Scanned the URL with a lot of tools and only Avast report it as malicious.

Thanks in advance.

Offline mchain

  • Avast Evangelist
  • Ultra Poster
  • ***
  • Posts: 5413
  • Spartan Warrior
Re: Why is this site being blocked by Avast?
« Reply #1 on: August 16, 2013, 01:20:21 AM »
Whoa! 

Caution:  visiting the site will give 13 consecutive network shield blocks  Do not attempt to visit.

Are you sure?  Because Googling gives a site out of country here and in Spanish? maybe? 
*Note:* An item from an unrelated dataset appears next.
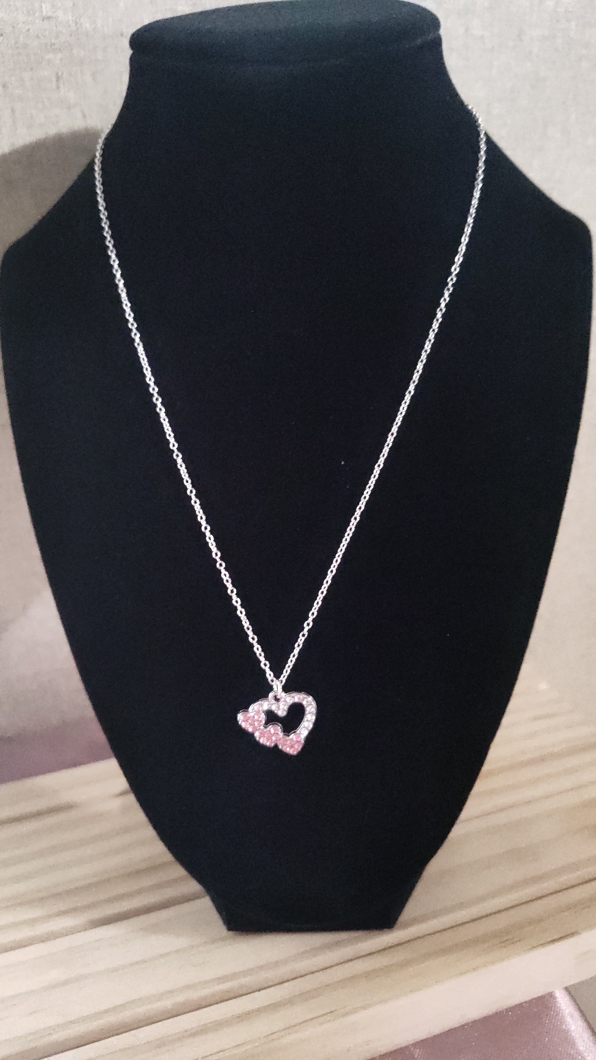 Beautiful silver heart necklace with pink rhinestones.
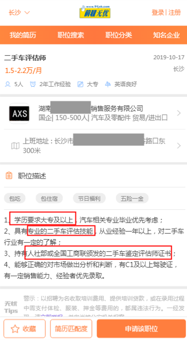 從招(zhao)聘(pin)信息來(lai)(lai)看,這(zhe)家公(gong)司(si)給二手車評估(gu)師開出的月薪為1.5-2.2萬元,算是業(ye)內(nei)一個比較(jiao)平(ping)均的工資水平(ping);接下來(lai)(lai)咱們再來(lai)(lai)看看它(ta)的招(zhao)聘(pin)要求,你就會(hui)明白它(ta)的工資為什么會(hui)這(zhe)么高!

http://zulu.zscaler.com/submission/show/f5a6460ab0cb8547ea919d4b96342134-1376608308
http://urlquery.net/report.php?id=4580428
http://www.urlvoid.com/scan/microelectronicash.com/  Note that MyWOT is unrated for this site.
http://sitecheck.sucuri.net/results/www.microelectronicash.com

Wouldn't be the first time avast! has detected and blocked new emerging malware at a website, nor will it be the last.

Are you the site's owner?

See attached:
Windows 10 Home 64-bit 21H2 Avast Premier Security version 22.8.6030 (build 22.8.7500.734) UI version 1.0.723.

Offline Pondus

  • Probably Bot
  • ****
  • Posts: 37132
  • Not a avast user
Re: Why is this site being blocked by Avast?
« Reply #2 on: August 16, 2013, 01:39:32 AM »
if you click details on that popup.... do you then see the full url?


Offline mchain

  • Avast Evangelist
  • Ultra Poster
  • ***
  • Posts: 5413
  • Spartan Warrior
Re: Why is this site being blocked by Avast?
« Reply #3 on: August 16, 2013, 01:47:29 AM »
yea, ends in (site name) .../CSS/lightbox.css  That's the malicious agent being flagged.  What the other 12 were, do not know atm.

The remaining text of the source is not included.